A grocery store that has served a Florida community for more than four decades is on the brink of closure because of tariffs, according to the owner, who voted for President Trump in 2024.
John Wong, who co-founded Wong Kai Imports with his two brothers after the family immigrated to the US from Hong Kong, told NPR that Trump’s tariffs have forced him to raise prices on goods by as much as 35%.
He said his immigrant family, which managed to make a living and thrive in its adopted country by starting a successful business in the coastal town of Bradenton, Fla., near Tampa is facing an uncertain future.
“Is that American dream? I don’t think so,” Wong lamented.
Wong, who voted for Trump because he thought that lead to lower prices, said he has had customers begging him not to close his supermarket, which imports authentic Asian cooking essentials.
“I talked to a lot of customers. They told me, ‘Mr. Wong, don’t close,’” the businessman told NPR.
“I said, ‘I’ll try, but it’s hard.’”
The Post could not immediately reach Wong for comment.
A White House spokesperson defended Trump’s tariff policies.
“The Administration has consistently maintained that the cost of tariffs will ultimately be paid by the foreign exporters who rely on access to the American economy, the world’s biggest and best consumer market,” a White House spokesperson told The Post on Monday.
“As tariffs secure new trade deals and trillions in investments to make and hire in America, the Administration is simultaneously implementing a pro-growth agenda of tax cuts, deregulation, and energy abundance for big and small businesses alike to thrive again as they did during President Trump’s first term.”
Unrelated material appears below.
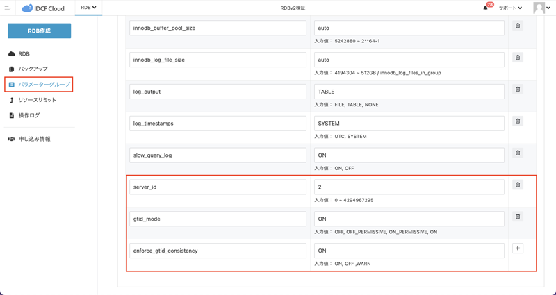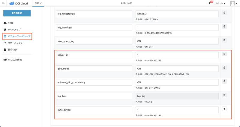 - パラメータグループからRDB(MySQL8.4)に以下を設定して再起動
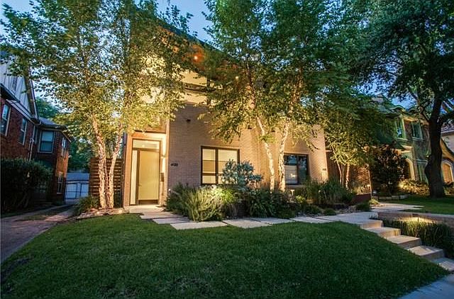 Sophisticated contemporary urban home just 2 blocks from Highland Park. This large 3 bedroom home features unique finishes, such as Black Lagos marble fireplace, bronze mirror walls, concrete floors and walls of glass combined together to create a sumptuous environment. There is a spacious, open kitchen with marble tops, high-end stainless appliances and custom cabinetry overlooking the living, dining and den. Two second floor master suites, each with outdoor terraces, have dramatic corner glass windows and vaulted ceilings. Other amenities: covered outdoor living area with water wall and fire pit, integrated sound system throughout, media room (including all equipment), and zero-scape exterior making this a true 'lock N leave' urban home.

Last week, the Trump administration announced it would eliminate tariffs on coffee, bananas, other food imports and select textile products from four Latin American countries in a bid to lower prices for American consumers.
But Wong’s products come from other parts of the world — like China, the Philippines, Thailand and Vietnam — and the grocer says he has had trouble keeping prices down in the face of levies on those countries.
“All the suppliers, they’re going up 35% across the board. And what are you going to do? I mean, nothing we can do,” he told NPR.
The cost of a popular brand of sauce for spicy mapo-style tofu doubled over the past year, Wong said.
“It came in at $2.75 last year … then it went up to $3.95 … yesterday it came in at $5,” he was quoted as saying. “I mean, it doesn’t make any sense.”
Some of Wong’s frequent customers lamented the prospect of the grocery store’s closure.
Marilyn McKibben told NPR that she shops at the store for everything from sampalok, rice and vegetables — ingredients that she uses to cook Filipino soup sinigang.
“It’s very convenient on me, you know? That’s why I’m so sad,” she told NPR.
This year has seen the Trump administration dramatically expanded its tariff regime, impacting key Asian trading partners and adding new layers of duties that pushed up import costs for retailers like Wong.
After months of fluctuations, US tariffs on certain Chinese products stand around 45%. That’s after Trump recently lowered a specific levy tied to the US fight against Chinese fentanyl.
Vietnamese goods are currently subject to a 20% reciprocal levy, though certain products would qualify for a zero-tariff rate under a new framework agreement the two countries are finalizing.
As part of that deal, Vietnam has agreed to eliminate tariffs on more than 99% of US exports.
Thailand faces a similar structure, with a 19% reciprocal tariff in place and limited exemptions for select imports.
Bangkok has committed to phasing out tariffs on 99% of American goods as the Trump administration has moved to reduce or cut its current 19% levy on Thai goods.
Imports from the Philippines are subject to a 19% reciprocal tariff, too.